– Вполне допускаю, что не существует, – все же не удержался барон, решив идти ва-банк. – Если уж ставится под сомнение чистота крови фон Тирбахов.
– Забавная мысль. Попытаюсь предложить фюреру отобрать для вас наиболее приемлемые экземпляры из числа его ближайшего окружения. Но пока он будет заниматься этим, – вмиг посуровело исполосованное шрамами лицо «первого диверсанта рейха», – советую впредь подобными идеями походно-диверсионную голову свою не забивать. Дабы не потерять ее вместе с идеями.
– Вот этот язык мне вполне понятен, – спокойно признал его правоту фон Тирбах. – Прямо, откровенно, чисто по-германски.
– Тем более что в число этих избранных я тоже не попаду, – окончательно добил его Скорцени. – Родословной не вышел.
– Что было бы несправедливо.
– Однако перейдем к сути операции. Фюрер решил посетить один из самых секретных объектов рейха – подземный город СС, именуемый «Регенвурмлагерем», то есть «лагерем дождевого червя», – счел Скорцени, что тема чистоты арийской расы окружения Гитлера исчерпана. – Вам понятно, что подобные поездки в любое время сопряжены с определенными опасностями?
– Так точно.
– Но особенно сейчас. После того как на фюрера было совершено покушение.
– Было бы странно, если бы его не совершили, – не упустил случая выразить свое личное отношение к этому событию фон Тирбах.
– Своим белогвардейским вольномыслием, барон, вы доведете меня до инфаркта.

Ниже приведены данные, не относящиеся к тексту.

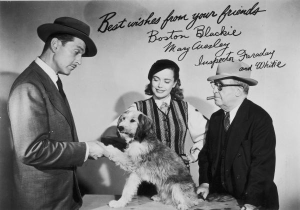 Boston Blackie (played by Kent Taylor), Mary Wesley (Lois Collier), and Inspector Faraday (Frank Orth), the cast of the Ziv Television Programs show Boston Blackie, pose with Whitie the Dog.

– Но ведь оказывается, что в ставку фюрера пропускали офицеров, в портфели которых не удосуживался заглянуть ни один ефрейтор из охраны «Вольфшанце»! Потрясающая безалаберность. Такое впечатление, будто охрану ставки формировали исключительно из русских.
– К счастью, не из них.
– Причем самое удивительное, что ни одного офицера охраны после покушения на фюрера не вздернули.
Скорцени удивленно уставился на барона и решительно передернул подбородком, словно сам только что освободился из петли.
– А ведь действительно ни одного. Я почему-то об этом не задумывался.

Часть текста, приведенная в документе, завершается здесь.